Read the review here.

The Frozen People by Elly Griffiths
Read by Julie Maisey | AudioFile Earphones Award
[Penguin Audio | 9.75 hrs.]
Julie Maisey brings verve and well-chosen characterizations to her performance of Griffiths’s latest mystery. A departure from Griffiths’s successful series featuring archaeologist Ruth Galloway, this new audiobook introduces Ali Dawson and a group of current-day investigators who travel in time. History-oriented instead of science-focused, the story is well researched and fun. Maisey narrates with clarity and enthusiasm, enjoying and enlivening the character-driven plot.
Read the review here.

Homemaker: Prairie Nightingale, Book 1 by Annie Mare, Ruthie Knox
Read by Mia Hutchinson-Shaw | AudioFile Earphones Award
[Brilliance Audio | 10.75 hrs.]
Mia Hutchinson-Shaw’s narration of the first book in this cozy mystery series is delightful. She brings a warm, engaging tone to the story of Prairie Nightingale, a divorced homemaker with two daughters. Her neighbors might call her a busybody, but Prairie’s insatiable curiosity drives her to investigate when her neighbor, popular mom and entrepreneur Lisa Radcliffe, goes missing.
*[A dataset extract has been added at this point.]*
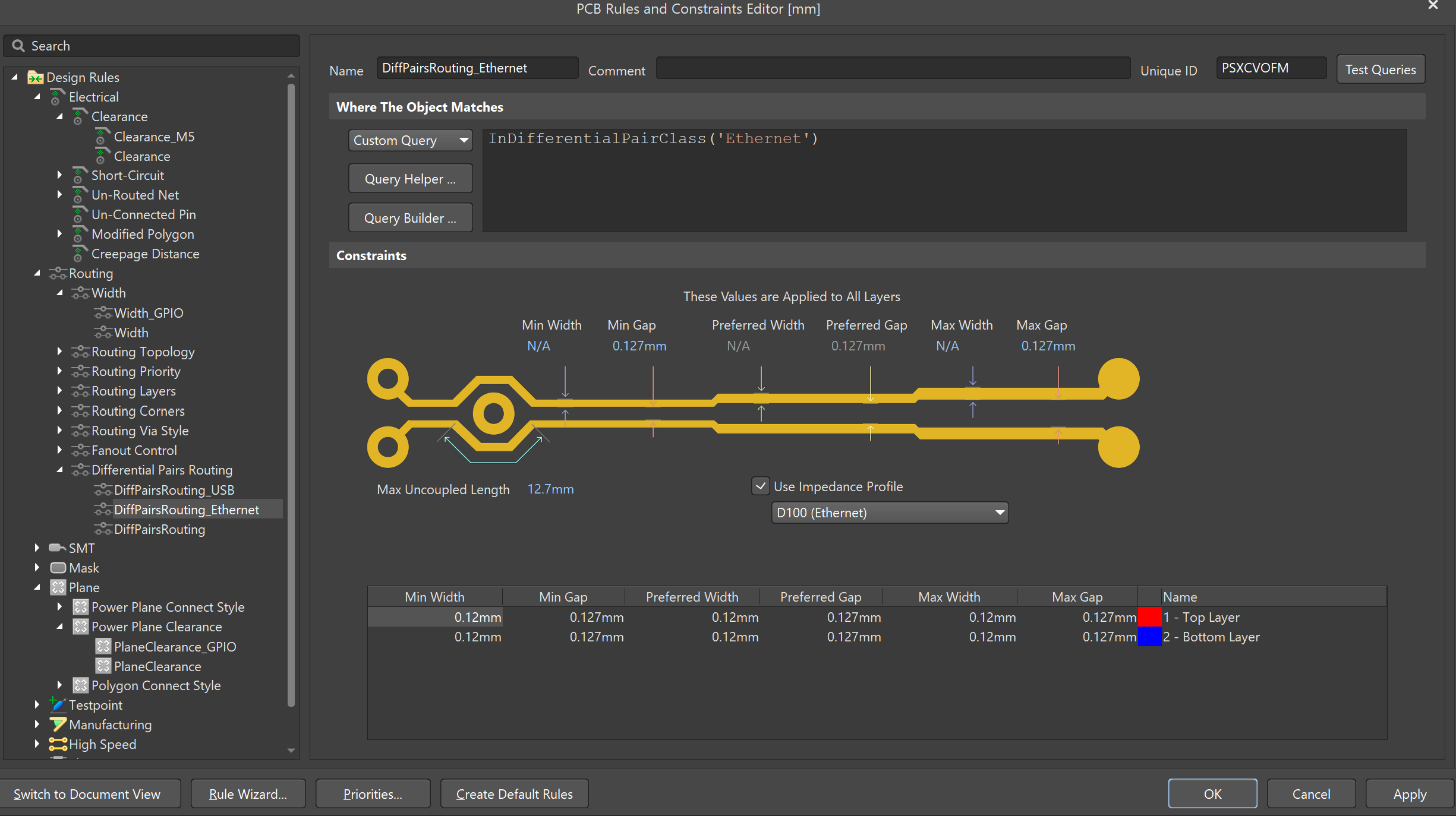 Hi, I have a problem with differential tracks. I created an impedance profile for 100 ohm differential and set a rule to use it.

Hutchinson-Shaw’s performance captures Prairie’s genuinely good intentions and heartfelt nature even as she uncovers her Wisconsin neighbors’ dark secrets.
Read the review here.

The Salmon Cannon And The Levitating Frog: And Other Serious Discoveries of Silly Science by Carly Anne York
Read by Eileen Stevens | AudioFile Earphones Award
[Hachette Audio | 6.5 hrs.]
Curiosity-driven research has led to discoveries in a number of unexpected areas, such as landmine-detecting rats, fish cannons using pneumatic technology to transport fish, mantis shrimp “fight clubs” and duck sex. Narrator Eileen Stevens strikes an upbeat and engaged tone as she chronicles these and other experiments that have led to scientific progress both in the area of animal behavior and science, and in discoveries that have led to progress in human development, such as penicillin and pregnancy testing.
Read the review here.

Cry For Me, Argentina: My Life As a Failed Child Star by Tamara Yajia
Read by Tamara Yajia | AudioFile Earphones Award
[Bloomsbury Publishing | 6.75 hrs.]
Comedian Tamara Yajia narrates her debut memoir with dynamic energy. Her stories of her childhood in Argentina feature her hilarious yet often inappropriate Jewish family. After they move to the U.S., her grandfather’s declining health brings them back to Argentina. Inspired by Madonna, Yajia almost becomes a child star, but an economic crisis forces another move to America, causing instability in her life. Yajia invites us to laugh with her through her shrewd observations of the absurdity and dysfunction of her childhood.
Read the review here.

An Inside Job by Daniel Silva
Read by Edoardo Ballerini | AudioFile Earphones Award
[Harper Audio | 9.5 hrs.]
Golden Voice Edoardo Ballerini narrates art restorer and spy Gabriel Allon’s latest adventure, set largely in Italy and the Vatican. Ballerini’s lyrical pronunciation of Italian proper names and places showcases the beauty of the Italian language. Listeners are swept into the intrigue surrounding the discovery and loss of a Leonardo da Vinci masterpiece, a situation that places both Allon and the Pope in danger. Ballerini expertly differentiates the many characters and is particularly adept at voicing the women in the fast-paced action.
Read the review here.

Crumb: A Cartoonist's Life by Dan Nadel
Read by Rob Shapiro | AudioFile Earphones Award
[Simon & Schuster Audio | 16.5 hrs.]
Artist Robert Crumb did the impossible — he turned the medium of comic books into something both inspiring and repellent while securing a place in comic history. Rob Shapiro’s understated delivery of this authorized biography is as captivating as Crumb’s bizarre life. Listening to it will make people seek out not only Crumb’s work in Zap Comix, Fritz The Cat and others, but also the works of the artists he admired who influenced his unique style.
Read the review here.

A Resistance Of Witches by Morgan Ryan
Read by Grace Gray | AudioFile Earphones Award
[Penguin Audio | 13.25 hrs.]
Grace Gray narrates this WWII historical fantasy from the perspectives of three characters: Lydia Polk, a British woman who recently graduated from the Royal Academy of Witches; Rebecca Gagne, a Jewish resistance fighter in France; and Henry Boudreaux, a Haitian American art historian with a little magic of his own. Lydia must enlist the help of Rebecca and Henry to obtain a dark-magic grimoire capable of mass destruction before a coven of Nazi witches claims it. Gray is an absolute master of accents.
Read the review here.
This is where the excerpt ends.